The Berryville Institute of Machine Learning (BIML) recently attended Calypso AI’s Accelerate AI 2023 conference in Washington, DC. The meeting included practitioners from both government and industry, regulators, and academics. I participated in a very timely panel entitled "Emerging Risks and Opportunities of LLMs in the NATSEC and Beyond." That panel spurred this article.

None of the content in this column was created by an LLM.

Large language models (LLMs) are a kind of machine learning system that has taken the world by storm. ChaptGPT (aka GPT-3.5), an LLM produced and fielded by OpenAI, is one of the most pervasive and popular of the many generative AI models for text. Other generative models include the image generators Dall-E, Midjourney, and Stable Diffusion, and the code generator Copilot.

LLMs and other generative tools present incredible opportunities for applications, and the rush to field such systems is in full gallop. LLMs have the potential to be lots of fun, solve hard problems in science, help with the thorny problems of knowledge management, create interesting content, and most importantly in my view, move the world a little closer to artificial general intelligence (AGI) and a theory of representation that produces massive cognitive science breakthroughs.

But using today's nascent LLMs — and any generative AI tools — comes with real risks.

Of Parrots and Pollution

LLMs are trained on massive corpuses of information (300 billion words, mostly scraped from the Internet) and use auto-association to predict the next word in a sentence. As such, most scientists agree that LLMs do not really "understand" anything or do any real thinking. Rather, they are "stochastic parrots," as some researchers call them. LLMs still do generate impressive streams of text, in context, and in an often useful and deeply surprising manner.
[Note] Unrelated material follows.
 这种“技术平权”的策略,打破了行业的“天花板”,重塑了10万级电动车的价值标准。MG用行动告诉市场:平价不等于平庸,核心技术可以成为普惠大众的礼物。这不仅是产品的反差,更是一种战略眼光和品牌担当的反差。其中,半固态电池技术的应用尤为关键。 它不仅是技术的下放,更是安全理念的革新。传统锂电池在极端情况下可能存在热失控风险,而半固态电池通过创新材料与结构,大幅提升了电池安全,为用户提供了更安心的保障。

Feedback loops are an important class of problem in all kinds of ML models (and one that BIML introduced several years ago as “[raw:8:looping]”). Here is what we said at the time:

Model confounded by subtle feedback loops. If data output from the model are later used as input back into the same model, what happens? Note that this is rumored to have happened to Google translate in the early days when translations of pages made by the machine were used to train the machine itself. Hilarity ensued. To this day, Google restricts some translated search results through its own policies.

Imagine what will happen when a majority of what can be easily scraped from the Internet is generated by AI models of dubious quality, and then these LLMs start to eat their own tails. Talk about information pollution.
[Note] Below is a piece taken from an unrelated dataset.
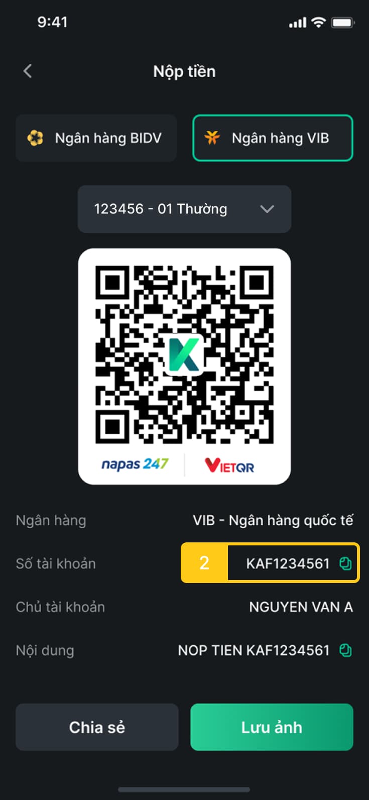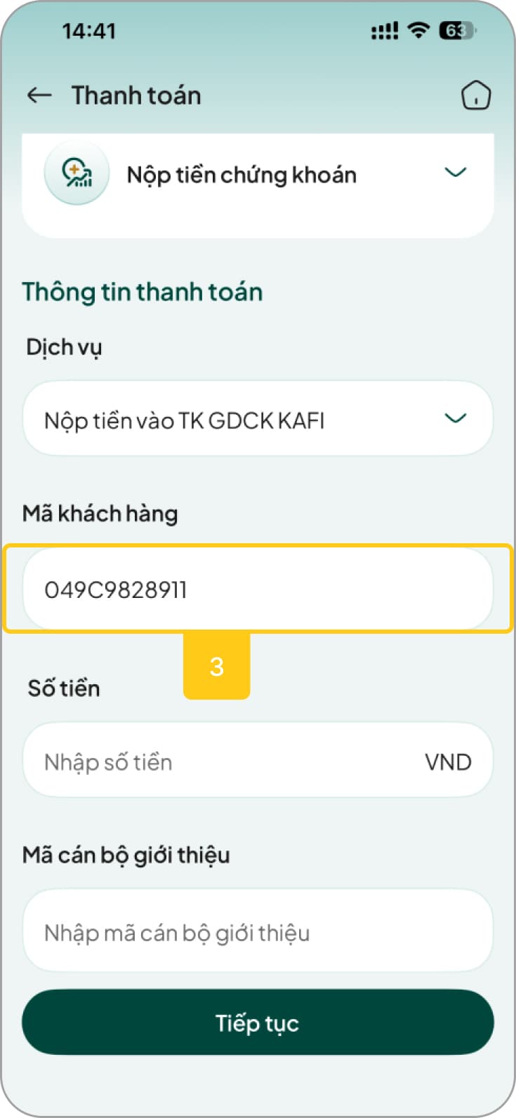 - VD: Khách hàng Nguyễn Văn A – số tài khoản lưu ký tại KAFI 049C012345 nộp tiền

Some AI researchers and information security professionals are already deeply worried about information pollution today, but an infinite spewing information pollution pipeline sounds bad.

Mansplaining-as-a-Service

LLMs are very good B.S. artists. These models regularly express incorrect opinions and alternative facts with great confidence, and often make up information to justify their answers in a conversation (including pretend scientific references). Imagine what happens when average knowledge as scraped from the Internet — which includes lots of wrong things — is used to create new content.
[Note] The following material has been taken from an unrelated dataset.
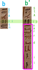 | 【bの文】 StAyt dr(w) rdy 神秘的な場所。鎮圧する両足。(両足が鎮圧する場所、かも…ここは訳例がなくて) ※この部分はb'にしか書かれない。そして暗号表記になっている。 (巨女神像にもこういう部分がある。洞窟の書の他の部分にもあるらしい) |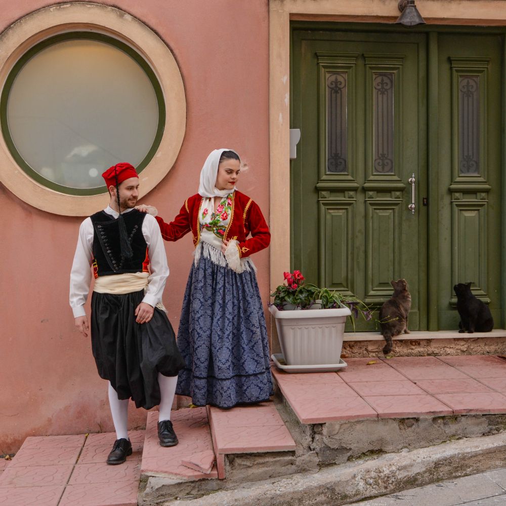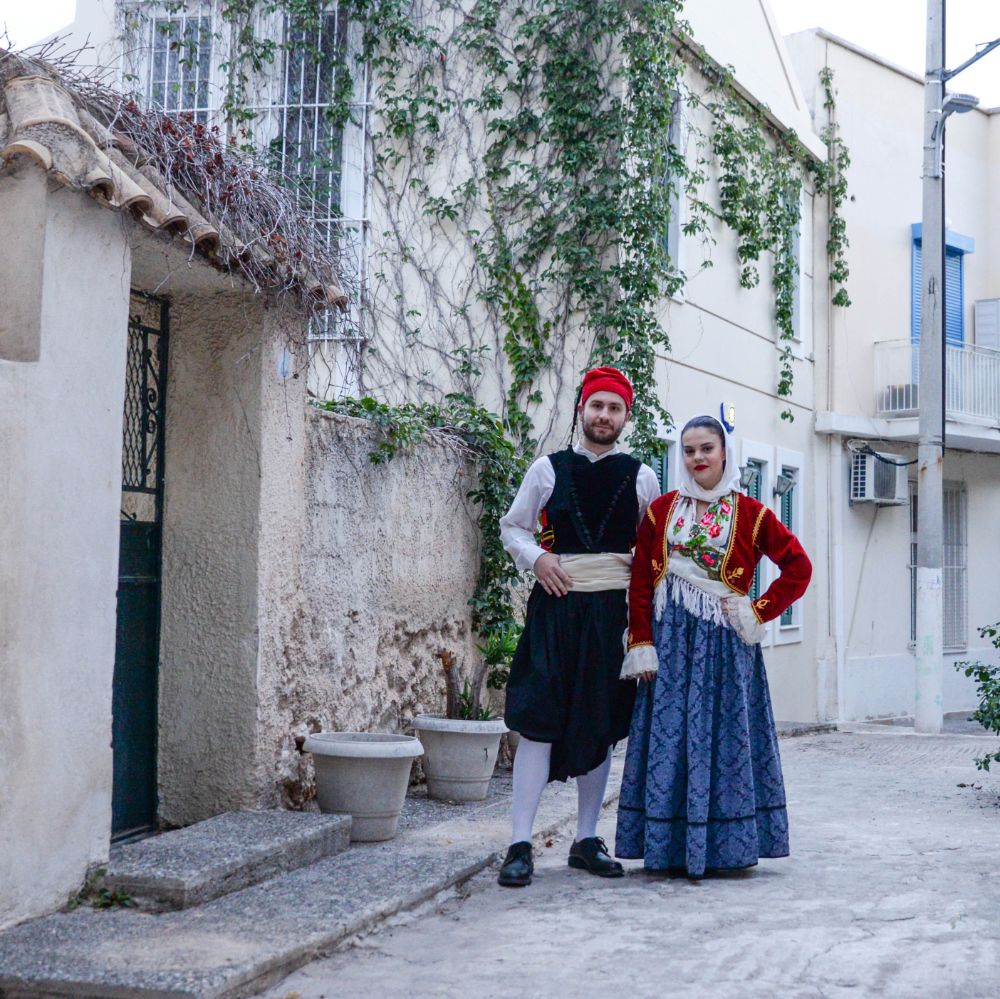 Παραδοσιακές φορεσιές των Κυθήρων που φορούν οι νεαροί Επτανήσιοι Μαντώ Καλοκαιρινού και Γιώργος Στάθης από την φωτογράφιση με τίτλο ‘’Μες το Τσιρίγο τ΄ όμορφο γεννήθηκ’ Αφροδίτη’’.

The ultimate "reply guy" is not who we need writing news stories for us in the future. Facts actually do matter.

Mirroring Broken Security

LLMs are often trained on data that is biased in many ways. Sexist, racist, xenophobic, and misogynistic systems can and will be modeled from data sets originally collected when society was less progressive. Bias is a serious issue in LLMs, and one that operational Band-Aids are unlikely to fix.

Trusting Deepfakes

Deepfakes are a side effect of generative AI that has been discussed for some time. Fakes or spoofing are always a risk in security, but the capacity to make higher-quality fakes that are easy to believe is here. There are some obvious worst-case scenarios: moving markets, causing wars, inflaming cultural divides, and so on. Careful where that video came from.

Automating Everything

Generative models like LLMs have the capacity to replace lots of jobs, including low-level white collar jobs. Millions of people get plenty of satisfaction out of their jobs, but what if all of those jobs are willy-nilly replaced by ML systems that are cheaper to operate? We already see this with some writing content-creation jobs in local sports stories and marketing copy, for example. Should LLMs be writing our articles? Should they be practicing law? How about doing medical diagnosis?

Using a Tool for Evil

Generative AI can create some fun stuff. If you haven’t played with ChapGPT, you should give it a shot. I haven’t had this much fun with new technology since I got my first Apple ][+ in 1981, or since Java applets came out in 1995.

But the power of generative AI can be used for evil as well. For example, what if we put ML to the task of designing a novel virus with the propagation capability of COVID and the delayed onset parameters of rabies? Or how about the task of creating a plant with pollen that is also a neurotoxin. If I can think up these dastardly things in my kitchen, what happens when a real evil person starts brainstorming with ML?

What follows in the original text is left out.